Character you most relate to:
Sula Peace, the main character in Toni Morrison's Sula. She defied the gendered norms of her time, left her hometown to go to school and experience life, and got in touch with her sexuality, about which she was unapologetic. I read Sula at a time when my own life choices were being questioned. Like Sula, I deviate from the gendered expectations in my culture--I'm married to a woman, have waited until my 30s to think about raising children, and live far away from home and family to, in Sula's words, "make myself."
Favorite line from a book:
"I think it pisses God off if you walk by the color purple in a field somewhere and don't notice it.... People think pleasing God is all God cares about. But any fool living in the world can see it always trying to please us back." --from The Color Purple by Alice Walker
Five books you'll never part with:
I've mentioned most of them in the previous questions, but I would like to add White Teeth by Zadie Smith, Drinking Coffee Elsewhere by ZZ Packer, The Buddha in the Attic by Julie Otsuka, We Need New Names by NoViolet Bulawayo, and Half of a Yellow Sun by Chimamanda Adichie.

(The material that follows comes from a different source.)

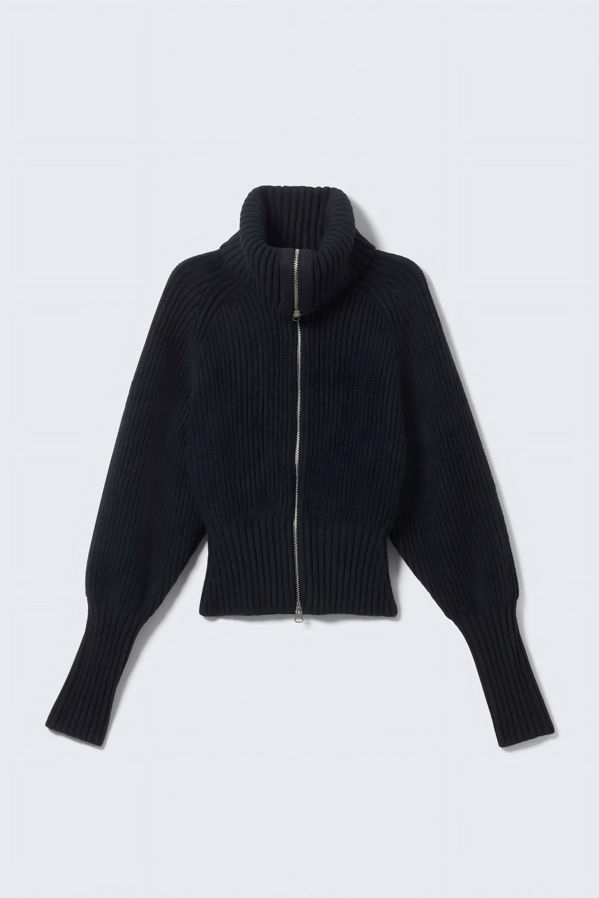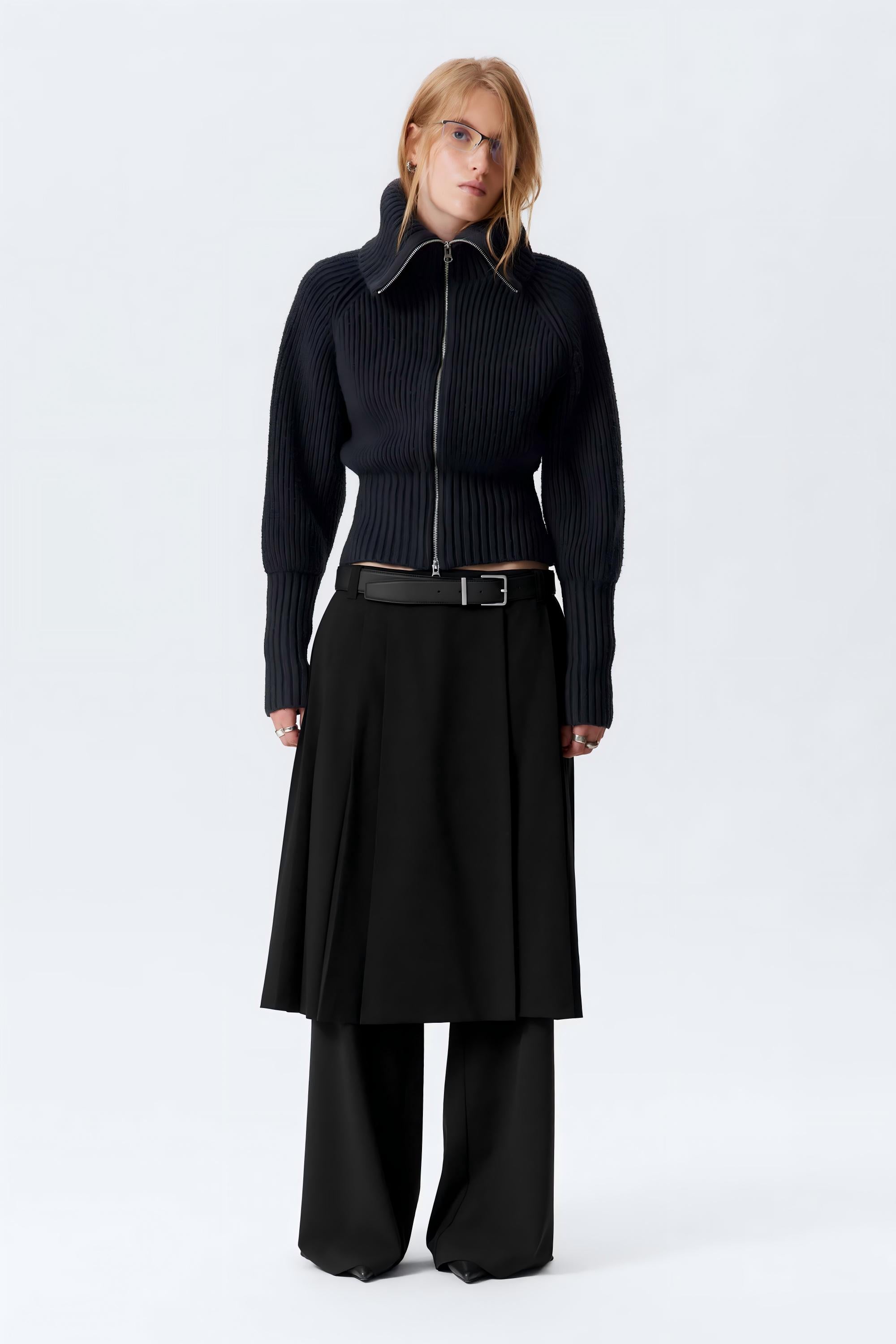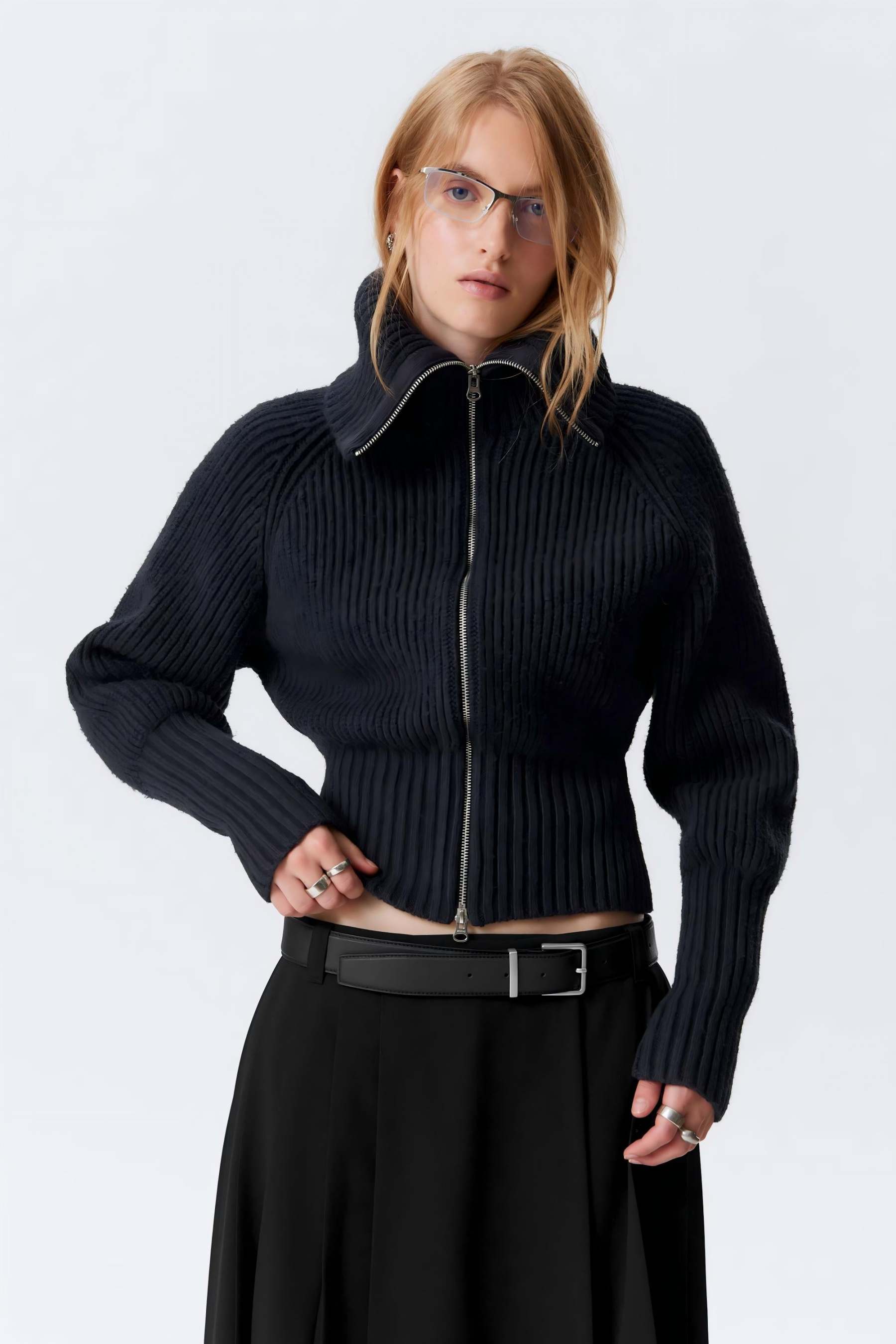 Refined simplicity meets modern structure in this Slim Fit Ribbed Zip Cardigan. a versatile layer designed to elevate everyday style. The rib-knitted construction sculpts a sleek silhouette. while its slim fit adds a polished edge to any look. Featuring a high stand collar. raglan sleeves. and a two-way zip front. it blends function with understated sophistication. Extended ribbed cuffs and hem provide definition and texture. and the discreet inner zip guard ensures a clean. comfortable finish.

Book you most want to read again for the first time:
All of Toni Morrison's books. I re-read them as though I don't know the ending. It's such a pleasure to experience her lush language.
Book that made you want to become a writer:
Brown Girl, Brownstones by Paule Marshall had a huge impact on me. It was refreshing to see such a moving, complex story told about Caribbean immigrants. I never saw myself in literature, so Marshall was one of the first to make me realize that I exist--and not just as a caricature. Also Breath, Eyes, Memory by Edwidge Danticat. I was in awe of the depth Danticat went with her characters, also Caribbean immigrants. She touched on mental health, eating disorders and sexuality--themes I had never seen explored in Caribbean literature. Both books made me realize that I can also tell complex stories with unflinching honesty.